## What the exercise asks
Give the lines below again exactly, starting with the line that holds "Nehrəmdəki dağlıq ərazi" and going on through the line that holds "Bütün bunlar Naxçıvanda".

## Dataset
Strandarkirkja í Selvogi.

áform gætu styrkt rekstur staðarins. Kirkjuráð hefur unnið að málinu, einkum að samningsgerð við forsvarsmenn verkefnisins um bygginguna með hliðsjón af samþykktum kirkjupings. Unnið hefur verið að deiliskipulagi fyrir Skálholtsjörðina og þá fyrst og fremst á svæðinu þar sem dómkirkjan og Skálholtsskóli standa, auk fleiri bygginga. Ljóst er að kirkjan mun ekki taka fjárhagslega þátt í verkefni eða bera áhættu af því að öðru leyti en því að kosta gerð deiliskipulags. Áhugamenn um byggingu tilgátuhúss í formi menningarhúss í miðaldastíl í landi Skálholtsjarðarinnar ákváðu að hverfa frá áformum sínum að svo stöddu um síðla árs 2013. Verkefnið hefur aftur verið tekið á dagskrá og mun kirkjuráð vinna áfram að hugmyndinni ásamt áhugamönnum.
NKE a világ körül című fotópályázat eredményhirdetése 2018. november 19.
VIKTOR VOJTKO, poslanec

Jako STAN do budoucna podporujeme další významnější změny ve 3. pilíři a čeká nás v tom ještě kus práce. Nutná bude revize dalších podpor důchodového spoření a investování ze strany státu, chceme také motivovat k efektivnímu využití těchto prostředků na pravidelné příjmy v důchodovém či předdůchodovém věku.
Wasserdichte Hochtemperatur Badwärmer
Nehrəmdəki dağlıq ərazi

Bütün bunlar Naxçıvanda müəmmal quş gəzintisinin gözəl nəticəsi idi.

* * *

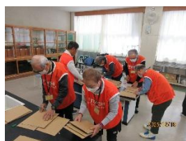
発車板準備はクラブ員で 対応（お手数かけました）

---

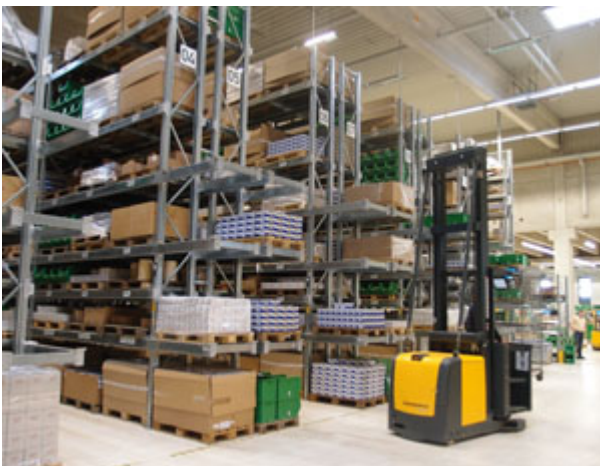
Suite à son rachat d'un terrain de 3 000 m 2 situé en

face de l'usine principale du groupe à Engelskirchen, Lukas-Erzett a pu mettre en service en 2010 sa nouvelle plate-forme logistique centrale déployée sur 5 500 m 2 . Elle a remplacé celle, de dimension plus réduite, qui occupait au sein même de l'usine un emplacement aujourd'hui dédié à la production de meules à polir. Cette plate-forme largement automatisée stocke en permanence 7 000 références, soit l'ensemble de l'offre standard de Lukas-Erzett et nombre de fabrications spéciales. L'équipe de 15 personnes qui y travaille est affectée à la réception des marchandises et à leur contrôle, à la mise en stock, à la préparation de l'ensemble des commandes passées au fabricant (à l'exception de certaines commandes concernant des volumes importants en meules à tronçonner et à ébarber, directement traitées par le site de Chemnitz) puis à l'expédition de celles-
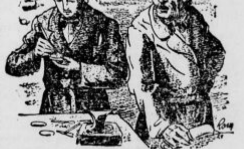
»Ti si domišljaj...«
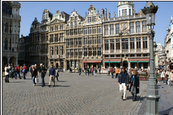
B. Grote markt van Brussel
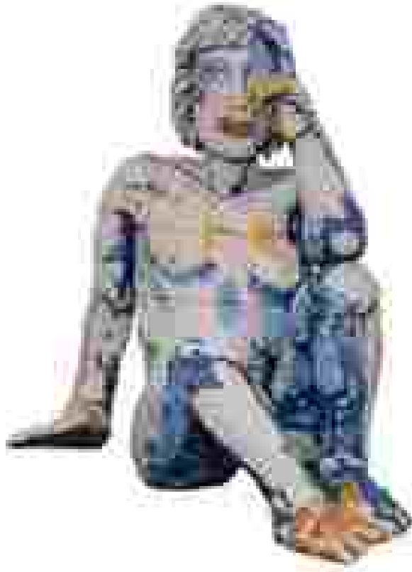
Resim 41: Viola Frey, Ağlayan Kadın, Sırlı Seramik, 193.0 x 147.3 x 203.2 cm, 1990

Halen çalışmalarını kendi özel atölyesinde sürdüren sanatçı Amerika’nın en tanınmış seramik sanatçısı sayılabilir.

## Problem solution
Nehrəmdəki dağlıq ərazi

Bütün bunlar Naxçıvanda müəmmal quş gəzintisinin gözəl nəticəsi idi.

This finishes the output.